Work item - Leaving out every picture, copy the lines of the data exactly, from the first through the line containing "[ชุดฐานวาง ] ชุดปลูกแนวตั้ง".

Provided material -
[Start of section]
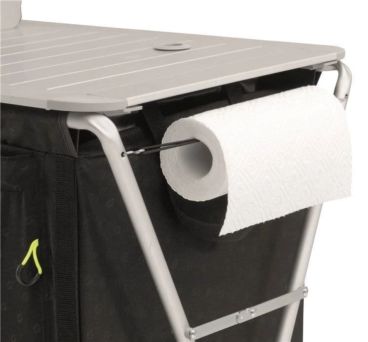 Richmond Kitchen Table is a smart kitchen table with a sturdy aluminium frame and black embossed fabric. The table top is also aluminium. Richmond Kitchen Table includes a collapsible water basin that is easily accessible through the table top.
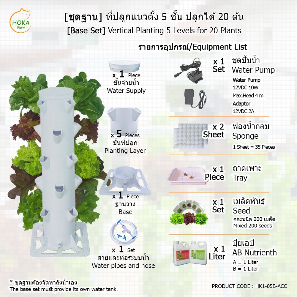 [ชุดฐานวาง ] ชุดปลูกแนวตั้ง 5 ชั้น สำหรับปลูกได้สูงสุด 20 ต้น
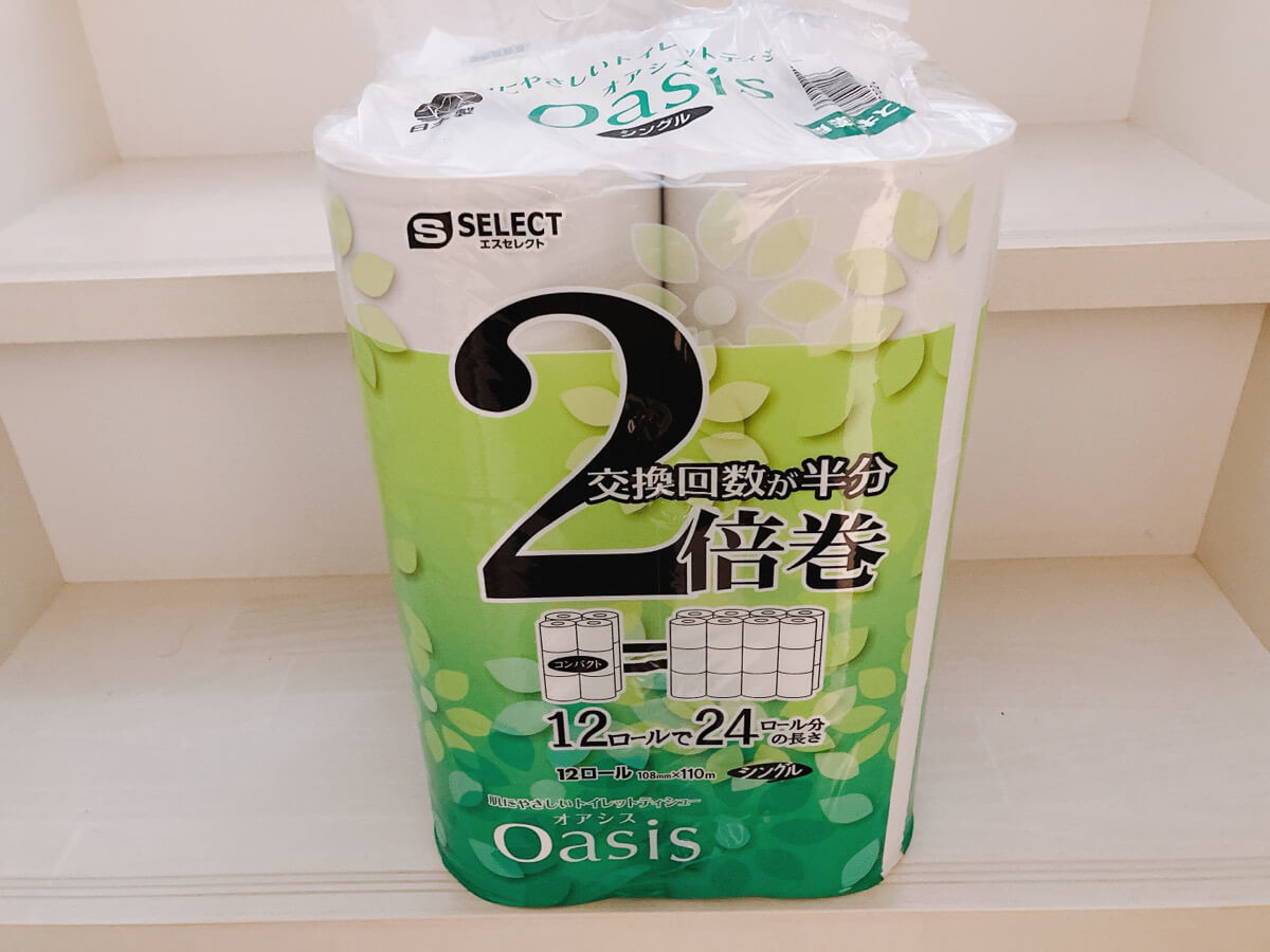 「2倍巻き」に変えてからは、1パック(12ロール)で24ロール分のトイレットペーパーの量があるので、月2パックあれば十分足ります♪
[End of section]
Your response -
 Richmond Kitchen Table is a smart kitchen table with a sturdy aluminium frame and black embossed fabric. The table top is also aluminium. Richmond Kitchen Table includes a collapsible water basin that is easily accessible through the table top.
 [ชุดฐานวาง ] ชุดปลูกแนวตั้ง 5 ชั้น สำหรับปลูกได้สูงสุด 20 ต้น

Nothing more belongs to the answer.